Muyuan Co. stated in its semi-annual earnings conference that recently, to balance market supply and demand and promote stable pig price operation, the country has implemented comprehensive pig capacity regulation. The company has responded to the call by reducing breeding sow inventory scale, expecting to decrease to 3.3 million head by year-end. Regarding next year's breeding sow quantity planning, under the guidance of the current capacity regulation plan, the company does not consider adding new sows in the short term. Additionally, in managing pig slaughter weight, the company has continuously reduced average weight recently, expecting to decrease to 120 kg by the end of this month. On the sales side, the company controls from the source, ensuring all fattening pigs flow to slaughterhouses. The company will actively play a leading role in capacity regulation to promote stable pig price operation.
From an industry supply and demand perspective, Kysec Research believes that July itself is already in the core period of the supply contraction window. After retail investors oversell large pigs, their intention to buy pigs at low prices may fail and become a further force driving pig price increases. Pig supply contraction in Q3 2025 has arrived, and the pig price center is expected to rise month by month.
From a policy perspective, Huafu Securities points out that this round of policy regulation may accelerate the exit of inefficient capacity in the industry, with long-term pig price centers expected to rise, and cost-leading enterprises expected to obtain excess returns.
A research report states that as of August 18, the national average pig price was 13.55 yuan/kg, down 0.21 yuan/kg from the previous week, with prices continuing to decline throughout the week and hitting new annual lows. Recently, supply-side capacity release has been active, but demand reception has been weak. In the short term, pig supply in the second half of 2025 has been determined by capacity from the second half of 2024 to the first half of 2025. During this stage, breeding stock inventory and newborn piglet quantities have both increased month-over-month, with supply pressure expected to be significant in the second half of 2025, especially in Q4. Policy support may slow the pace of pig price decline. The concentrated effect of policies may not appear until the second half of 2026, when pig price centers are expected to rise.
Related concept stocks:
DEKON AGR (02419): DEKON AGR announced that in July 2025, the company sold 780,200 pigs (including 741,900 commercial meat pigs) with sales revenue of RMB 1.427 billion. In July 2025, the company's average commercial meat pig selling price was RMB 14.21/kg, down 0.70% from June 2025. For the seven months ended July 31, 2025, the company sold a total of 5.8975 million pigs (including 5.5862 million commercial meat pigs) with sales revenue of RMB 11.449 billion.
COFCO JOYCOME (01610): COFCO JOYCOME announced that in June 2025, the company slaughtered 427,000 pigs, with a cumulative total of 2.898 million for the year.
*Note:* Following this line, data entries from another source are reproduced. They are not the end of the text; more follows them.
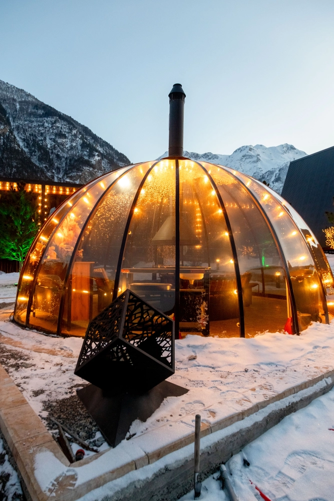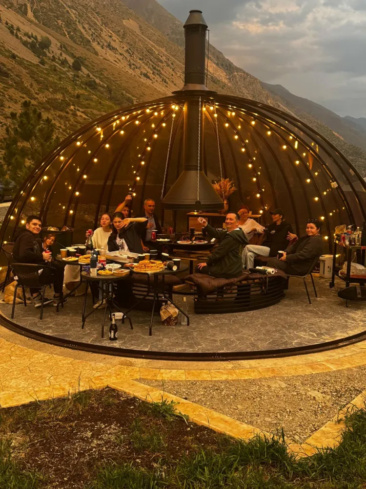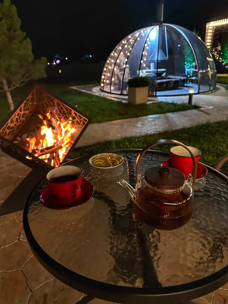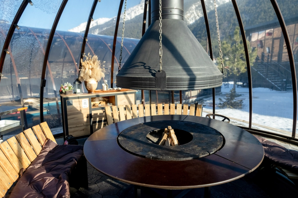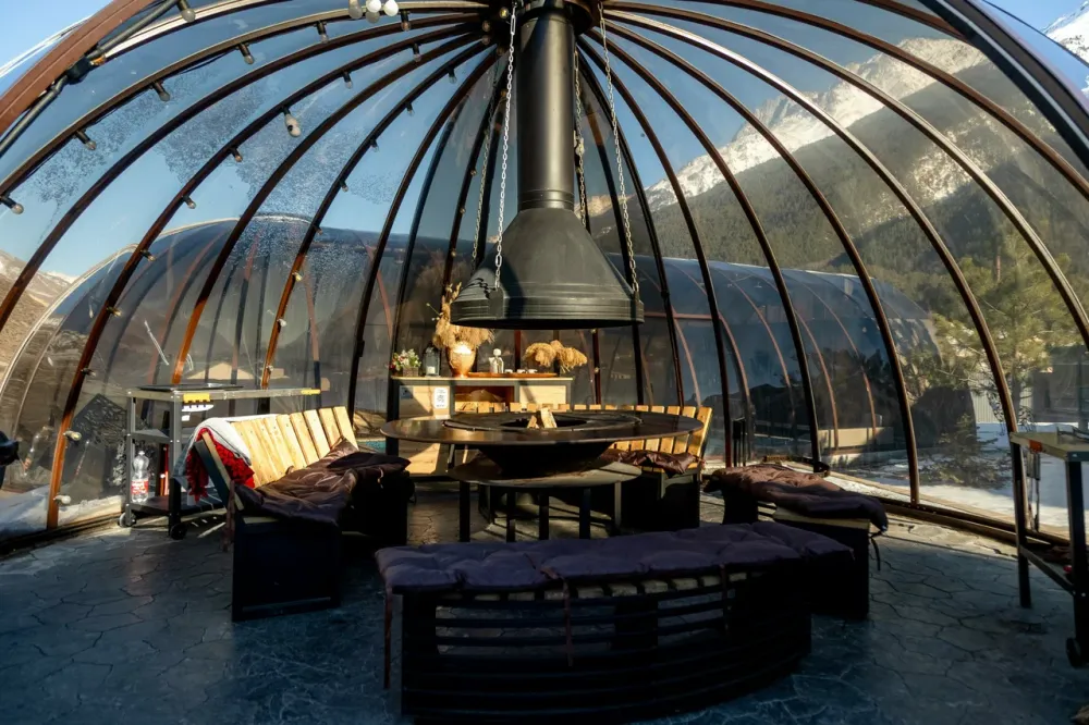 Уютные панорамные купола с гриль-очагом — отличный вариант для вечерних встреч с друзьями и семейных ужинов на природе.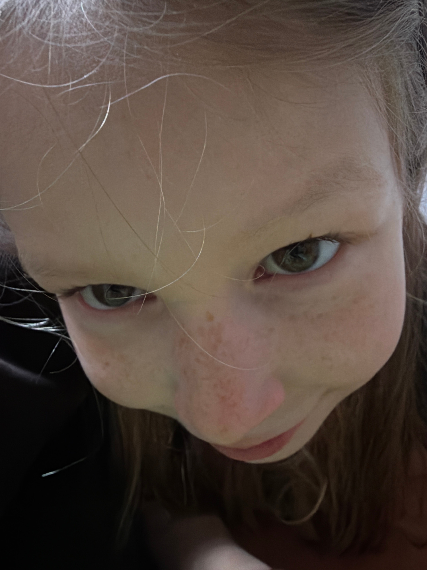 The image depicts the face of a young child with light skin and brown hair. The child has brown eyes and freckles on their nose and cheeks. The background is dark and out of focus. The location is not…read more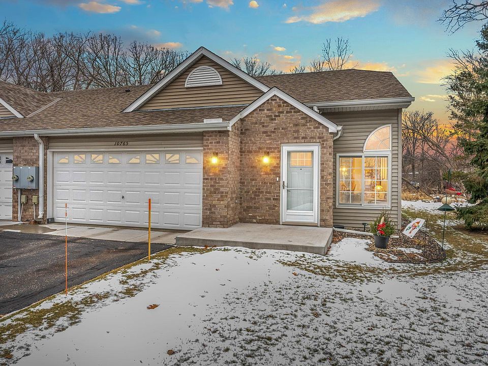 Immaculate one level townhome with many updates throughout! This meticulously maintained home offers open living spaces filled with natural light, a galley kitchen with pantry, and a cozy sunroom with fireplace that leads to a peaceful private patio overlooking the woods! Two spacious bedrooms and two baths, a large laundry/mudroom with ample storage that leads to an attached two car garage. The many updates here include a new furnace and new air conditioner (2022), new Anderson windows, newer roof, water heater (2017), updated paint and interior lighting. Conveniently located to highways, Coon Rapids Dam, and walking and biking trails!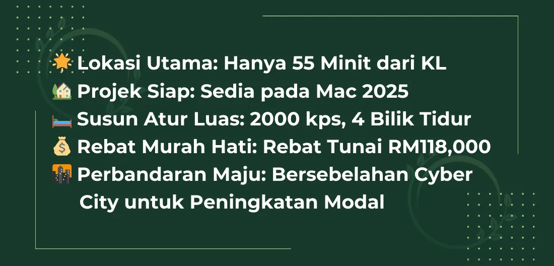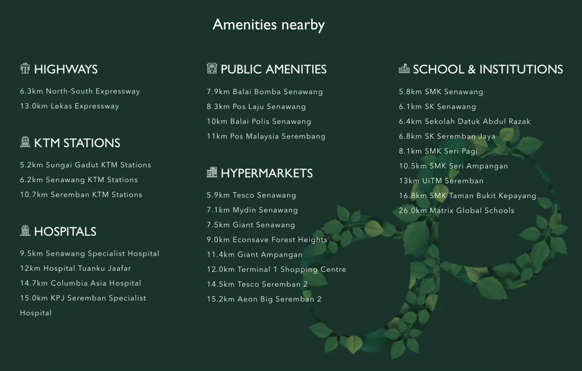 Hanya sejangkauan dari lokasinya adalah pelbagai kemudahan dan prasarana di Seremban dan Senawang, menghasilkan gaya hidup yang, walaupun terlindung dari kesibukan hidup, tetap dekat dengan semua keperluan harian anda.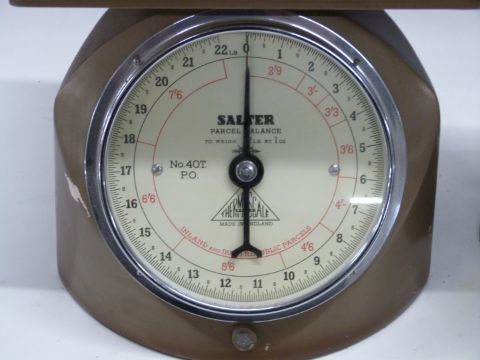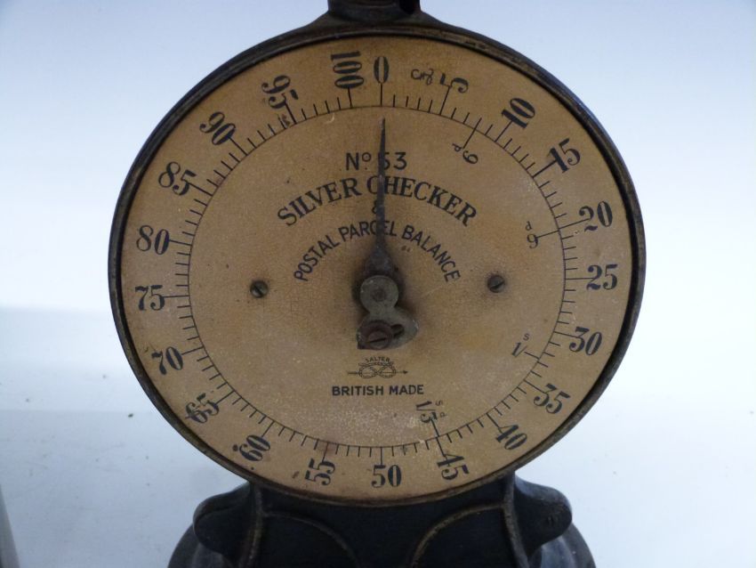 Salter No 53 silver checker and postal parcel balance together with a Salter No 40T parcel balance, both with postage rates to dials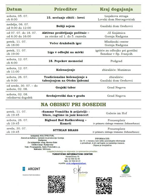 Koledar prireditev v tiskani obliki se lahko dobi v TIC-u, na občini, v Domu kulture in na drugih mestih v Gornji Radgoni.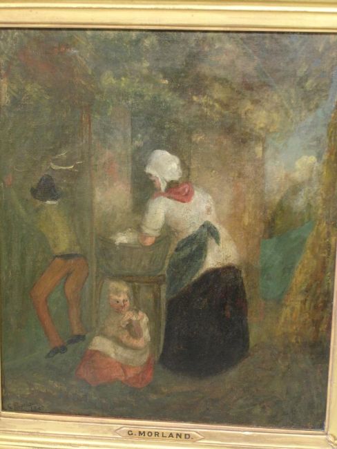 After Morland Washer woman by a cottage door with children. Bears erroneous signature and date 1840. Oil on canvas 14"x 12"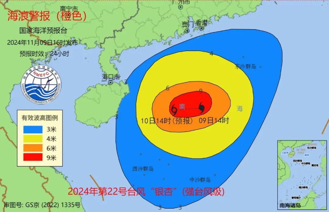 受今年第22号台风“银杏”和冷空气的共同影响,预计11月9日夜间到10日白天,南海北部、中部将出现6到10米的狂浪到狂涛区,近海海域海浪预警级别为橙色;海南东部近岸海域出现2.5到3.5米的大浪,该近岸海域海浪预警级别为黄色,广东西部、中部近岸海域将出现2到3米的中浪到大浪,该近岸海域海浪预警级别为蓝色。请在上述海域作业的船只注意安全,沿海各有关单位提前采取防浪避浪措施。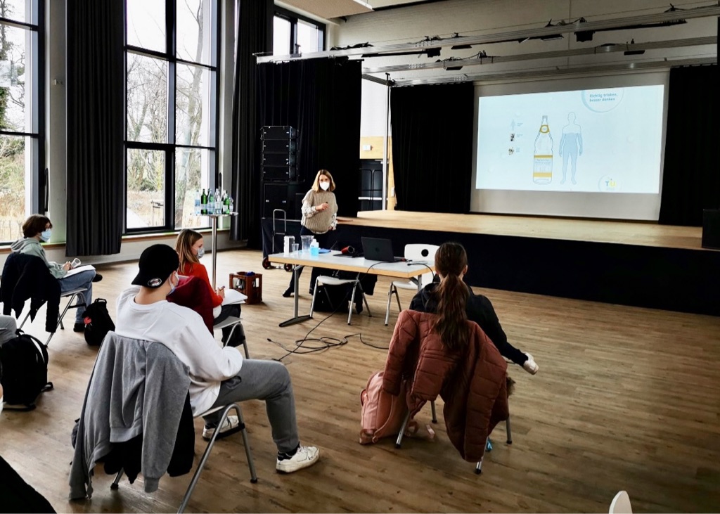 Für eine spannende Lerneinheit war die Ernährungswissenschaftlerin Britta K. Otto (Dipl. oec. troph. & Diätassistentin) als Expertin zu Gast an der Geresu und hat den motivierten Jugendlichen mehr über den Lauf des Wassers, die Funktionen im Körper sowie geeignete Durstlöscher beigebracht. ​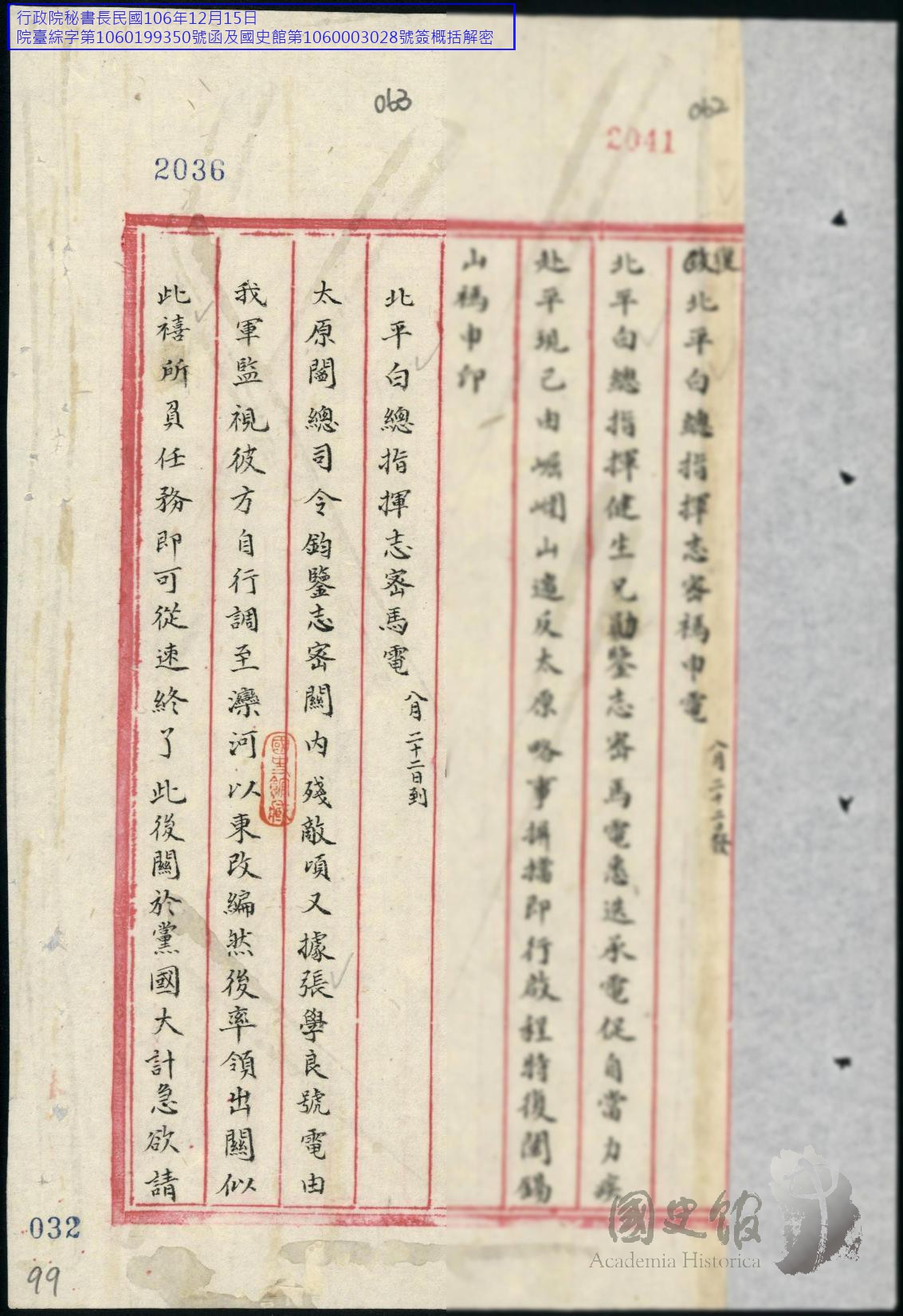 白崇禧電閻鍚山開內殘敵由我軍監視彼方自調至灤河以東

Fresh pork sales volume was 24,500 tons, with brand revenue accounting for 33.56% of fresh pork business, and average commercial large pig selling price at 14.08 yuan/kg.
WH GROUP (00288): In July, CICC released a research report maintaining WH GROUP's core attributable net profit forecasts of $1.614 billion and $1.683 billion for 2025/2026. The company trades at 8.1/7.8x 2025/2026 P/E; maintaining target price of HK$8.56/share, corresponding to 8.7/8.4x 2025/2026 P/E and nearly 7.8% upside, maintaining outperform rating. The firm expects WH GROUP's Q2 2024 operating profit on a comparable basis to potentially grow in low double digits year-over-year (excluding the impact of government subsidies in Q2 2024 US operations), in line with market expectations.